> DESCRIPTION OF THE TASK
The copy should hold exactly the lines below from the one that contains "1已经吸引了24亿的点击量从" through the one that contains "安徽财经大学第27届研究生支" and nothing else, so no pictures.

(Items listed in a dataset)
══════════════════════════════

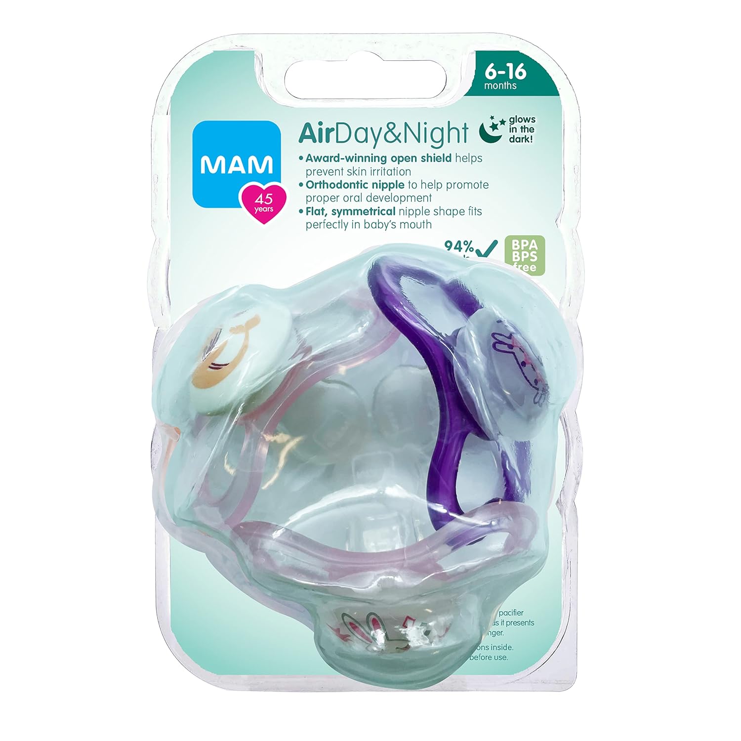 MAM Air Night & Day Baby Pacifier, for Sensitive Skin, Glows in The Dark, 3 Pack, 6-16 Months, Girl,3 Count (Pack of 1)
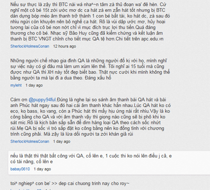 "Đúng là nghe lại so sánh âm thanh bài Quỳnh Anh hát và bài anh Phúc hát ngay sau đó hai cái âm thanh khác hẳn nhau. Lúc Quỳnh Anh hát không có eco, không bass, không vang, còn anh Phúc hát thì mấy hiệu ứng này rất nhiều.Vậy là không công bằng cho Quỳnh Anh và với âm thanh vậy thì giọng nào cũng sẽ bị phô khi không sát mic. Rõ là kịch bản sắp sẵn để dìm hàng loại Quỳnh Anh theo cách sốc nhất rùi. Mẹ Quỳnh Anh bị sốc vì trò sắp đặt không công bằng nên không đồng tình với chương trình cũng phải."
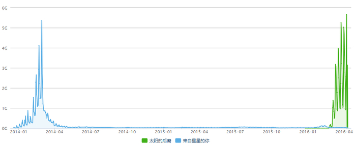 1已经吸引了24亿的点击量从独播平台爱奇艺的数据来看,这部剧已经吸引了超过24亿次观看流量。在收视热度上,《太阳的后裔》已经略胜《来自星星的你》一筹了。
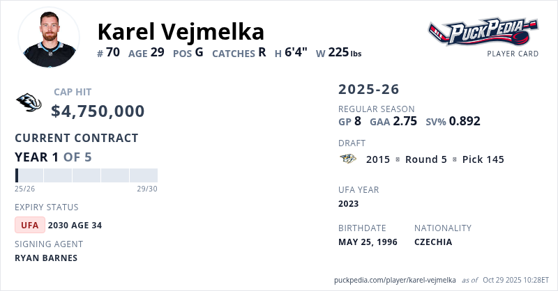 Karel Vejmelka is signed to a 5 year, $23,750,000 contract with a cap hit of $4,750,000 per season, playing for the Utah Mammoth. His contract expires at the end of the 2029-30 season, making Vejmelka an Unrestricted Free Agent.
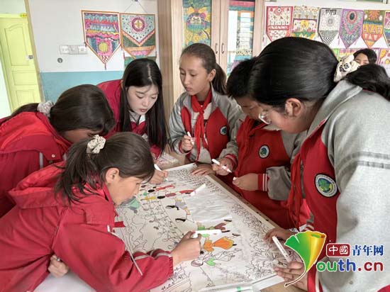 安徽财经大学第27届研究生支教团在新疆生产建设兵团第十四师皮山农场中学举办“皖疆共绘·同心筑梦”跨地域美育交流活动。研支团成员指导学生进行绘画创作。安徽财经大学研支团供图
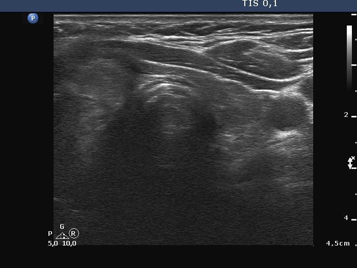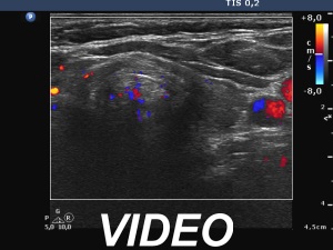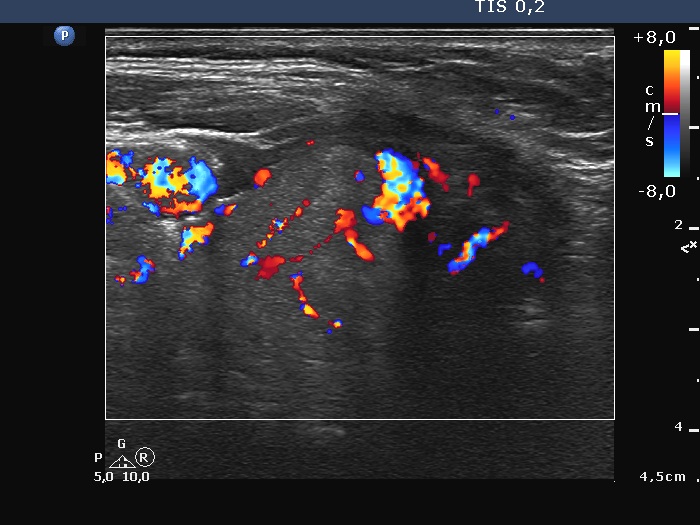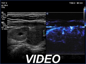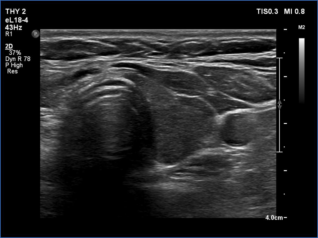Ultrasonography. The thyroid was hypoechoic. There was a large, irregular, echonormal mass in the right lobe. The lesion presented both intranodular and perinodular vascularity. The left lobe was decreased in size.

══════════════════════════════

> RESPONSE TO THIS EXERCISE
 1已经吸引了24亿的点击量从独播平台爱奇艺的数据来看,这部剧已经吸引了超过24亿次观看流量。在收视热度上,《太阳的后裔》已经略胜《来自星星的你》一筹了。
 Karel Vejmelka is signed to a 5 year, $23,750,000 contract with a cap hit of $4,750,000 per season, playing for the Utah Mammoth. His contract expires at the end of the 2029-30 season, making Vejmelka an Unrestricted Free Agent.
 安徽财经大学第27届研究生支教团在新疆生产建设兵团第十四师皮山农场中学举办“皖疆共绘·同心筑梦”跨地域美育交流活动。研支团成员指导学生进行绘画创作。安徽财经大学研支团供图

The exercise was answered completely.